## WORK ORDER
For the data below, transcribe the part that opens with the line containing "and slightly underbaked." and closes with the line containing "Jak wynika z", exactly and with no pictures.

## DATA SHOWN

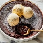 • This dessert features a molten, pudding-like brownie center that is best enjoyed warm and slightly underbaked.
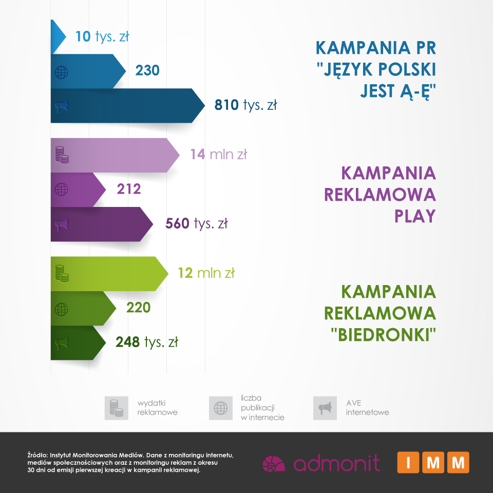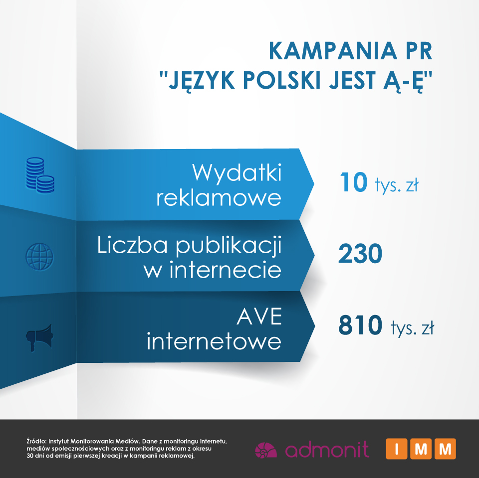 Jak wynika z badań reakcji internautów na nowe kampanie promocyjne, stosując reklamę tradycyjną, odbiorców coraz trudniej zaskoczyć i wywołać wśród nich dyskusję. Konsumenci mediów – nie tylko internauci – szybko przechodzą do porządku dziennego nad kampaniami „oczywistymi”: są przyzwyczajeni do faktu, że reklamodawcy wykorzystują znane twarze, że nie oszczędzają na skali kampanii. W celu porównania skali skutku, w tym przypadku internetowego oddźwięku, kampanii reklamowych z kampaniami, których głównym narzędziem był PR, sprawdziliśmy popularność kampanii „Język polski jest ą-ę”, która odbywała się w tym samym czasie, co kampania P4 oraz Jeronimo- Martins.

* * *

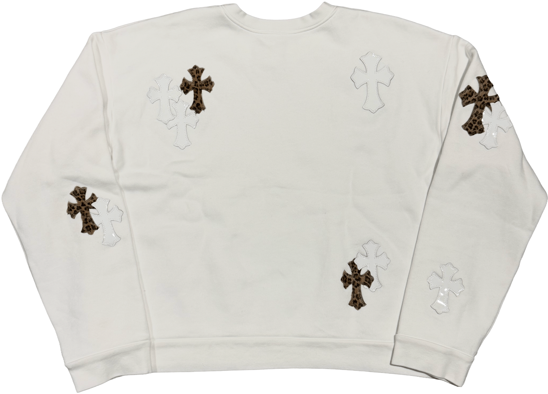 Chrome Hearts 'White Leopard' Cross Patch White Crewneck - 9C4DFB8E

## SOLUTION TO THE PROBLEM
 • This dessert features a molten, pudding-like brownie center that is best enjoyed warm and slightly underbaked.
 Jak wynika z badań reakcji internautów na nowe kampanie promocyjne, stosując reklamę tradycyjną, odbiorców coraz trudniej zaskoczyć i wywołać wśród nich dyskusję. Konsumenci mediów – nie tylko internauci – szybko przechodzą do porządku dziennego nad kampaniami „oczywistymi”: są przyzwyczajeni do faktu, że reklamodawcy wykorzystują znane twarze, że nie oszczędzają na skali kampanii. W celu porównania skali skutku, w tym przypadku internetowego oddźwięku, kampanii reklamowych z kampaniami, których głównym narzędziem był PR, sprawdziliśmy popularność kampanii „Język polski jest ą-ę”, która odbywała się w tym samym czasie, co kampania P4 oraz Jeronimo- Martins.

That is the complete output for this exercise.